Material for the task:
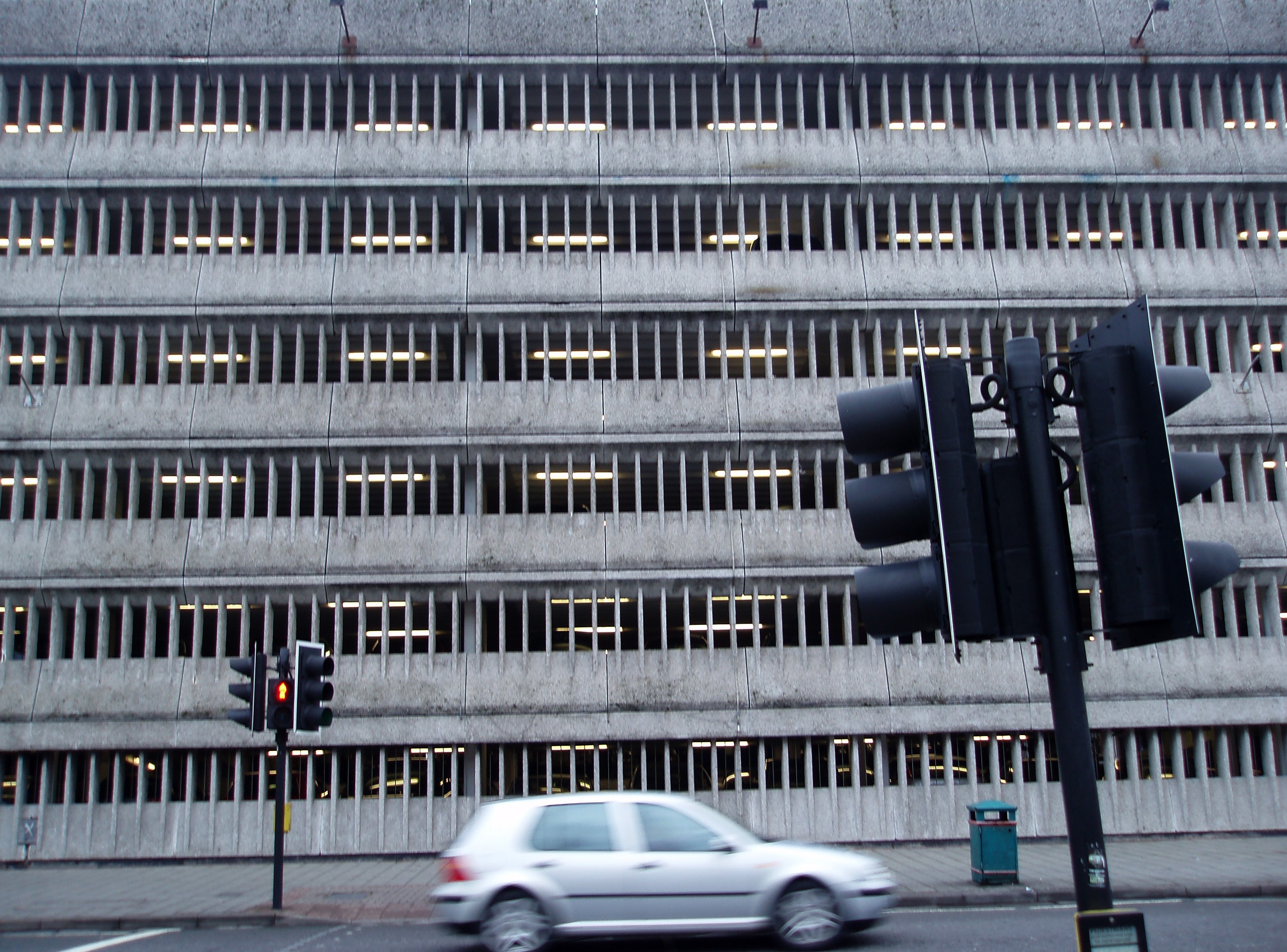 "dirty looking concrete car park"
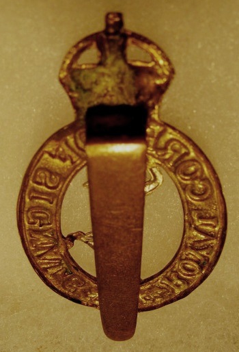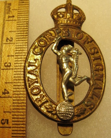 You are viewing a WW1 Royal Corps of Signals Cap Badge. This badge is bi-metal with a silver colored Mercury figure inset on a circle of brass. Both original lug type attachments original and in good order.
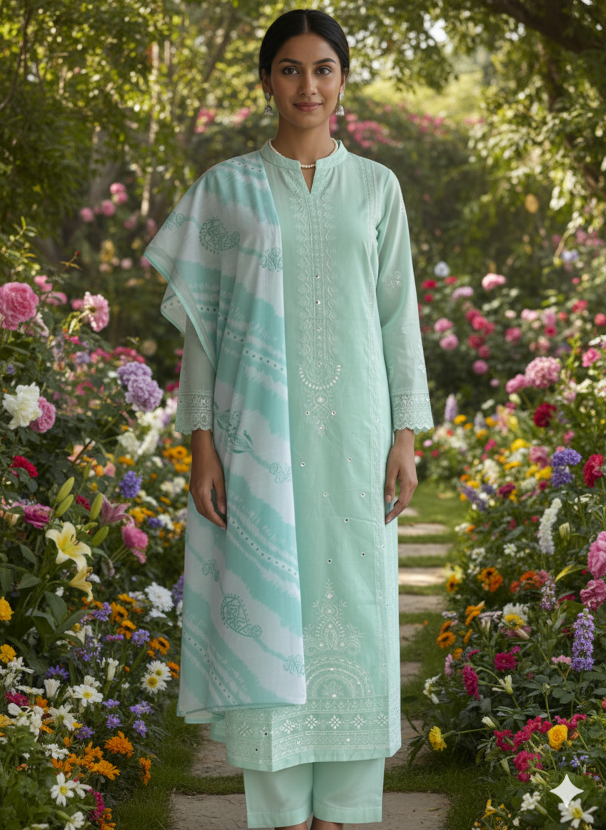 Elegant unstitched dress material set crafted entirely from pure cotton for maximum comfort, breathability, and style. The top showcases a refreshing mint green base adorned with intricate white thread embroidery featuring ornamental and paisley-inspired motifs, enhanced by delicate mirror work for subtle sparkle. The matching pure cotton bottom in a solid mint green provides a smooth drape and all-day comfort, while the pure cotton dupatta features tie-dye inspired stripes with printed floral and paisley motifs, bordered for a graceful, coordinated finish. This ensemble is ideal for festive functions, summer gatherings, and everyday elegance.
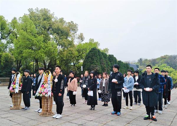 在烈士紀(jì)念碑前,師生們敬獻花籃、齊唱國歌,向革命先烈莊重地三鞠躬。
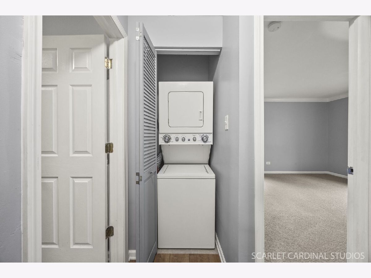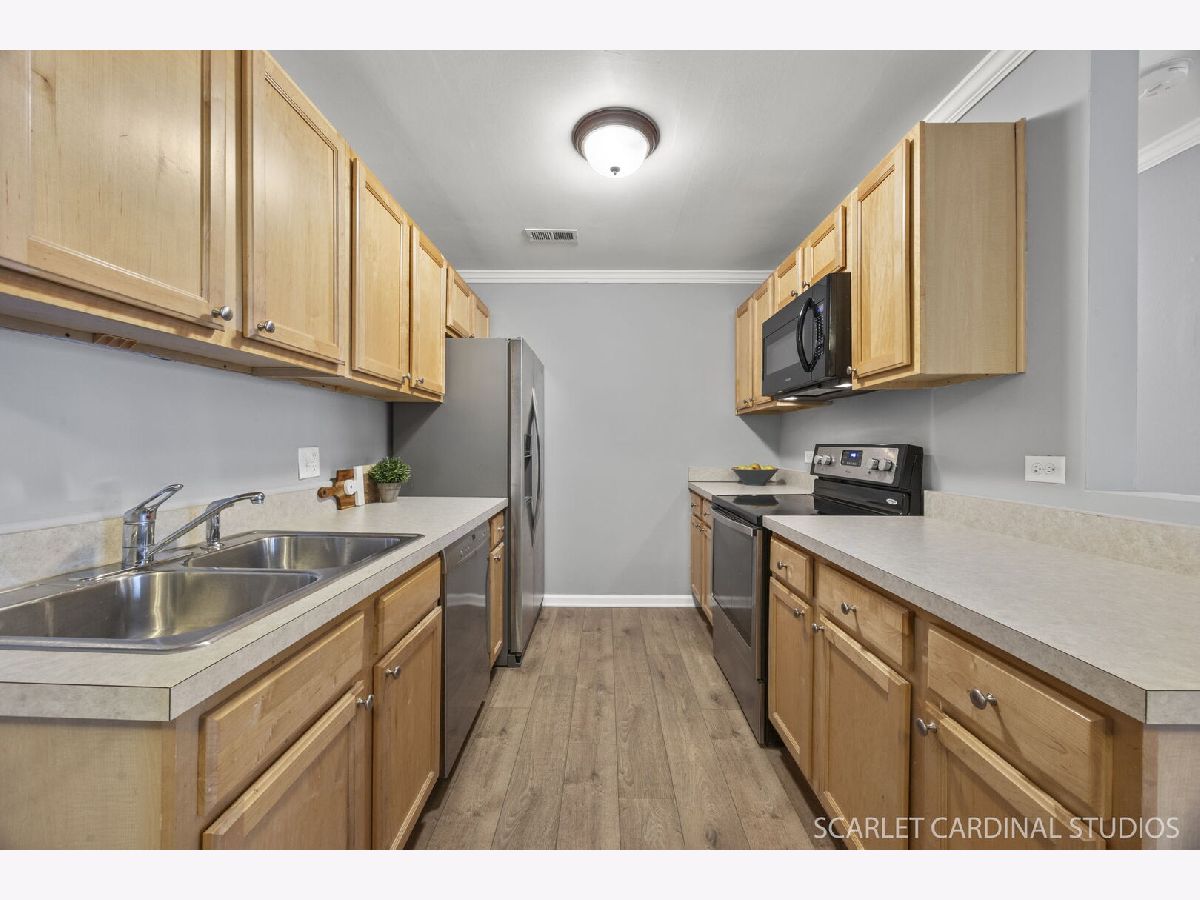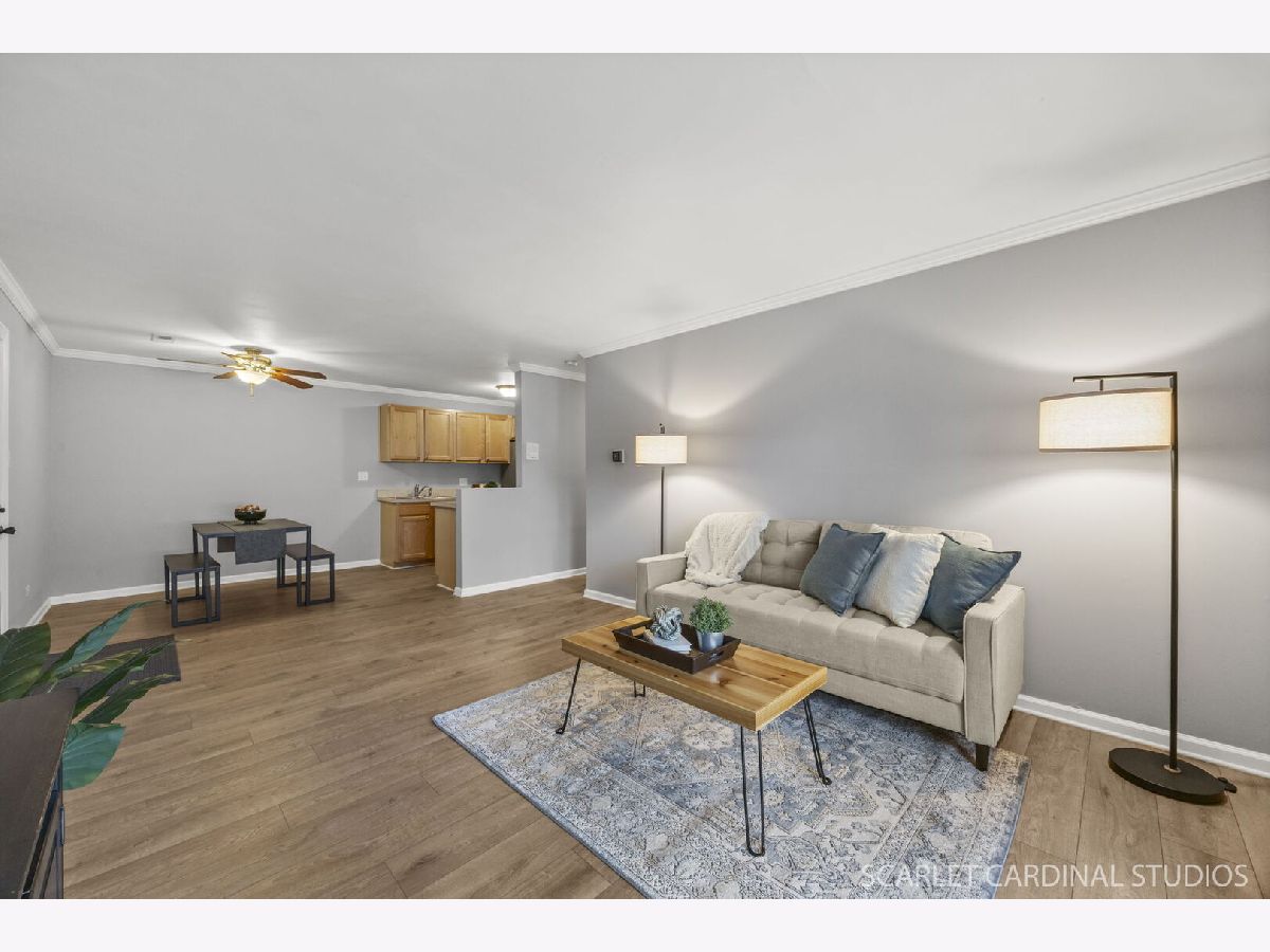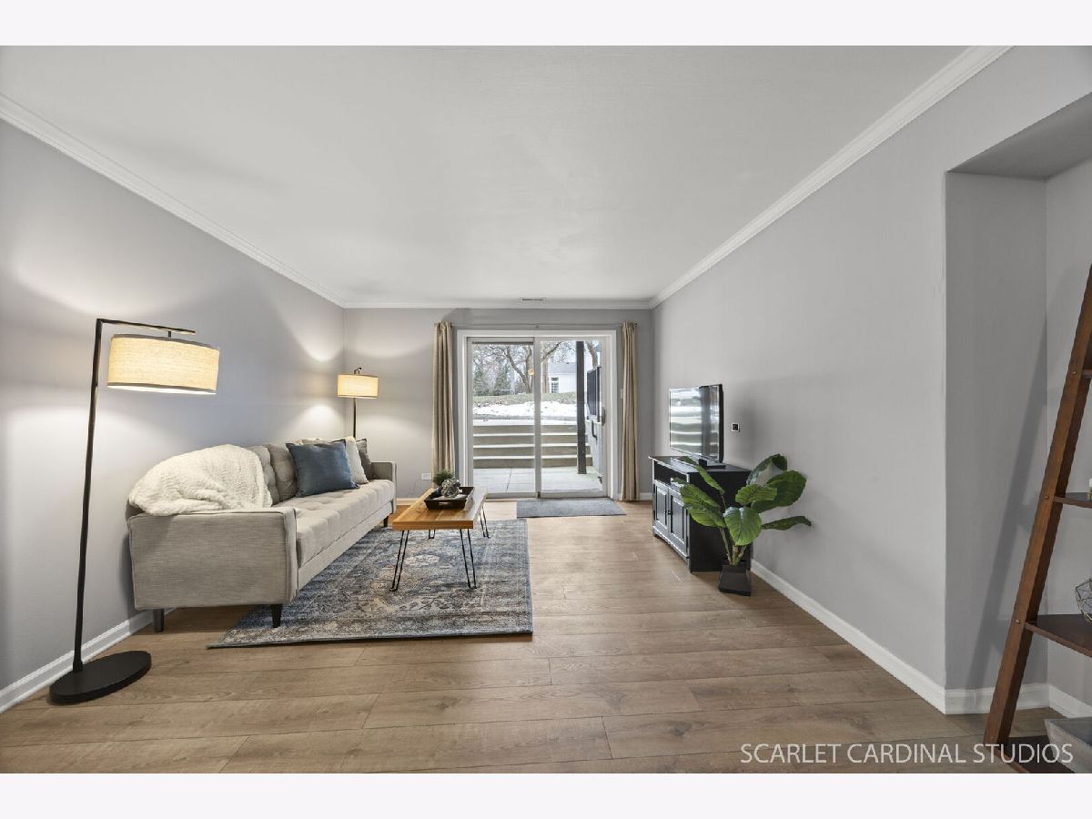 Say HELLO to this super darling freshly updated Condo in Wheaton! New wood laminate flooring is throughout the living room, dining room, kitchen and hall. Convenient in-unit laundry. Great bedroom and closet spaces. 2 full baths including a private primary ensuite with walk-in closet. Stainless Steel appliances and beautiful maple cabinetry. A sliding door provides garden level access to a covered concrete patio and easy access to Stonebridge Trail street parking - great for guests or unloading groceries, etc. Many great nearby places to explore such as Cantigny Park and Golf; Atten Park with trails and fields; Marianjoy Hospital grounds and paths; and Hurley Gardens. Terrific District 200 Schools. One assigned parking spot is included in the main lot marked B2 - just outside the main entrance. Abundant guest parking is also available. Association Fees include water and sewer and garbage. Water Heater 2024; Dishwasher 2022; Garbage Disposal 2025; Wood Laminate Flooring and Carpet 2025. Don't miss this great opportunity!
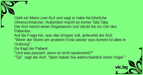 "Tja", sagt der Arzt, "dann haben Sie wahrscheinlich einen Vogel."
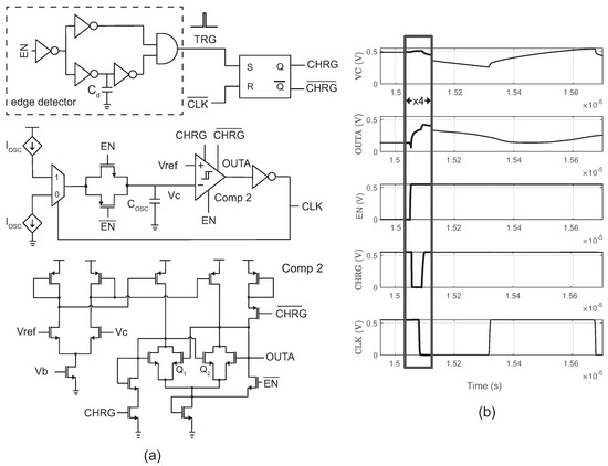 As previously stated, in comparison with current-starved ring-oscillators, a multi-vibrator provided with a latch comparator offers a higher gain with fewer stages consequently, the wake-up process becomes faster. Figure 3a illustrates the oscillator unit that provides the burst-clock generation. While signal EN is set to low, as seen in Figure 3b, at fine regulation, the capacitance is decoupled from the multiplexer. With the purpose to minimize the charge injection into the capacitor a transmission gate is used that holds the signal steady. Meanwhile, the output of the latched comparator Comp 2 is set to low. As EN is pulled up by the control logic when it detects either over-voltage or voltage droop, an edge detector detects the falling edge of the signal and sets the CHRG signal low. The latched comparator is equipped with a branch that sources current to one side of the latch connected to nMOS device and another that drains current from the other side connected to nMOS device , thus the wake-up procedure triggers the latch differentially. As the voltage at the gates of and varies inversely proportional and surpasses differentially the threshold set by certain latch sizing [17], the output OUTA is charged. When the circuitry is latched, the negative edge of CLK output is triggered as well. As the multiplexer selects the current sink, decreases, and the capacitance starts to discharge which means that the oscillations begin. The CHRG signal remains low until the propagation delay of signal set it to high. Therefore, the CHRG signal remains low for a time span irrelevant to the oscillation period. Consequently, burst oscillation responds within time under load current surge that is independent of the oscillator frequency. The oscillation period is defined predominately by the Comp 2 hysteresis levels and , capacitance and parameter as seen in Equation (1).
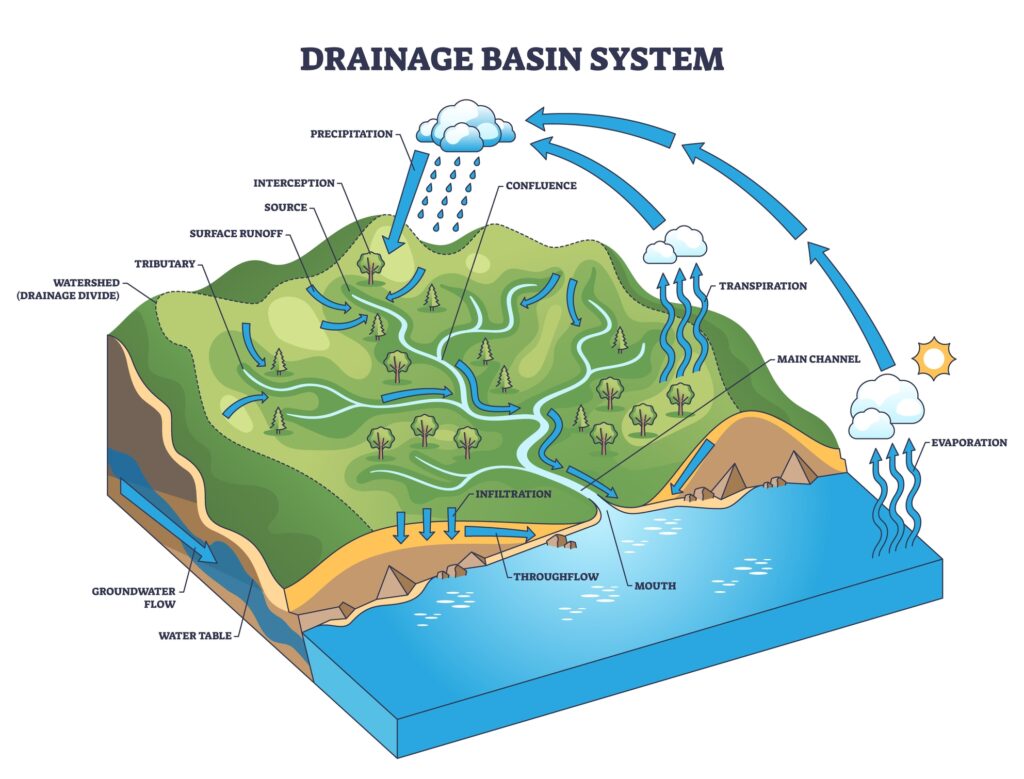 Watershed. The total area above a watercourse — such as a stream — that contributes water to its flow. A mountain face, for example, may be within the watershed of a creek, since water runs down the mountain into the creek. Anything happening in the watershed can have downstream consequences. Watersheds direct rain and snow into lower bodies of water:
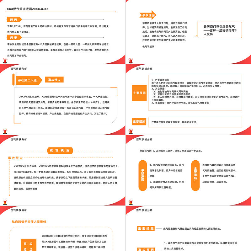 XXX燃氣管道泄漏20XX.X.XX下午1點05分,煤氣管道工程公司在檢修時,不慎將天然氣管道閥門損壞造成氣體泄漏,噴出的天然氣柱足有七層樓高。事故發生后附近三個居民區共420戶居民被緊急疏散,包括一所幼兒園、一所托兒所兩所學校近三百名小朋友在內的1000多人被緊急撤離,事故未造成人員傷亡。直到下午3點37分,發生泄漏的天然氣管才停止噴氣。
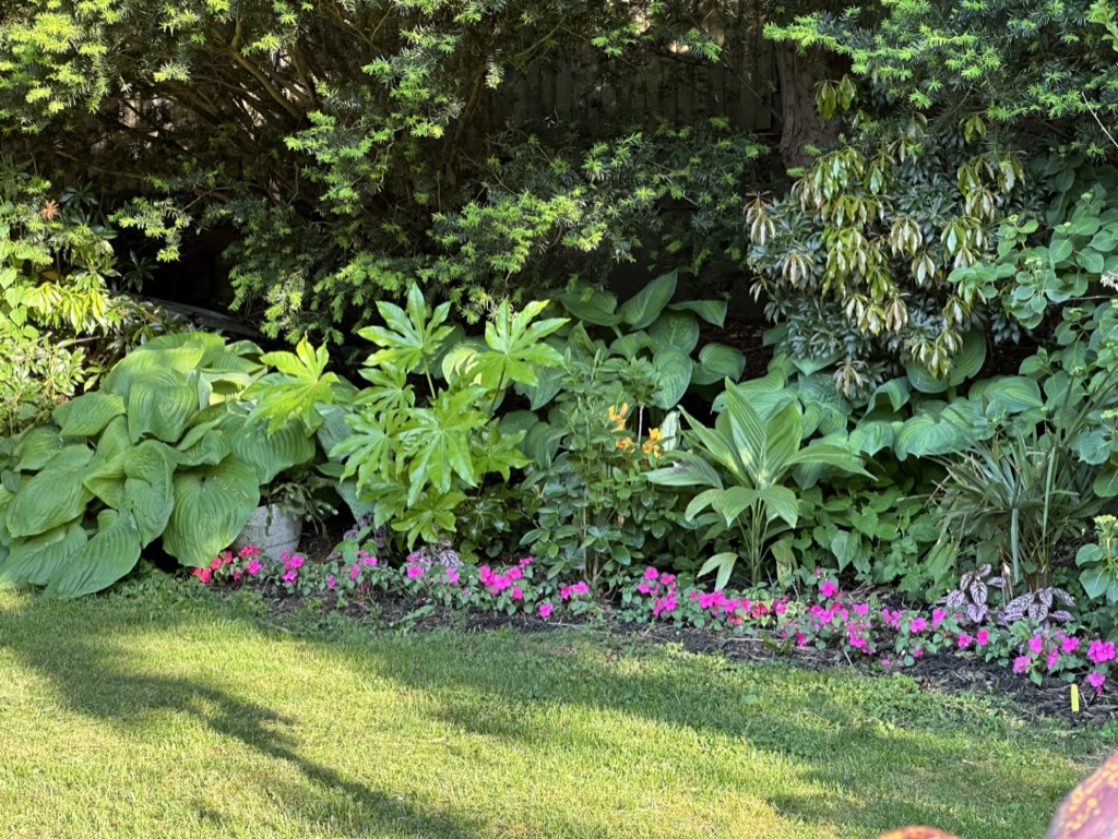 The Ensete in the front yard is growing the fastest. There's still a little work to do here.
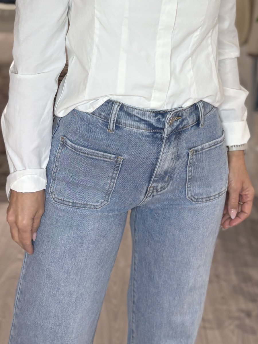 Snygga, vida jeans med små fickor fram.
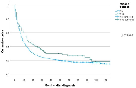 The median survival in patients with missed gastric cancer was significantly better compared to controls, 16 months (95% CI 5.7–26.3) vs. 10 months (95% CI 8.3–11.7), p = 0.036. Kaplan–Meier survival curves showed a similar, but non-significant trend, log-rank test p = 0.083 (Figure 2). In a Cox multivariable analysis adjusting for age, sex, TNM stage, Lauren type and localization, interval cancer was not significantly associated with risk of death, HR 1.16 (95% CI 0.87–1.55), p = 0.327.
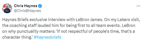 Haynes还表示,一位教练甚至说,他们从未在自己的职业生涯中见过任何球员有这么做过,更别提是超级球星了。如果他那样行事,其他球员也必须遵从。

Assignment:
Having located the line with "The Ensete in", copy it exactly along with every later line through the end of the listing above, but omit the pictures.

Completed exercise:
 The Ensete in the front yard is growing the fastest. There's still a little work to do here.
 Snygga, vida jeans med små fickor fram.
 The median survival in patients with missed gastric cancer was significantly better compared to controls, 16 months (95% CI 5.7–26.3) vs. 10 months (95% CI 8.3–11.7), p = 0.036. Kaplan–Meier survival curves showed a similar, but non-significant trend, log-rank test p = 0.083 (Figure 2). In a Cox multivariable analysis adjusting for age, sex, TNM stage, Lauren type and localization, interval cancer was not significantly associated with risk of death, HR 1.16 (95% CI 0.87–1.55), p = 0.327.
 Haynes还表示,一位教练甚至说,他们从未在自己的职业生涯中见过任何球员有这么做过,更别提是超级球星了。如果他那样行事,其他球员也必须遵从。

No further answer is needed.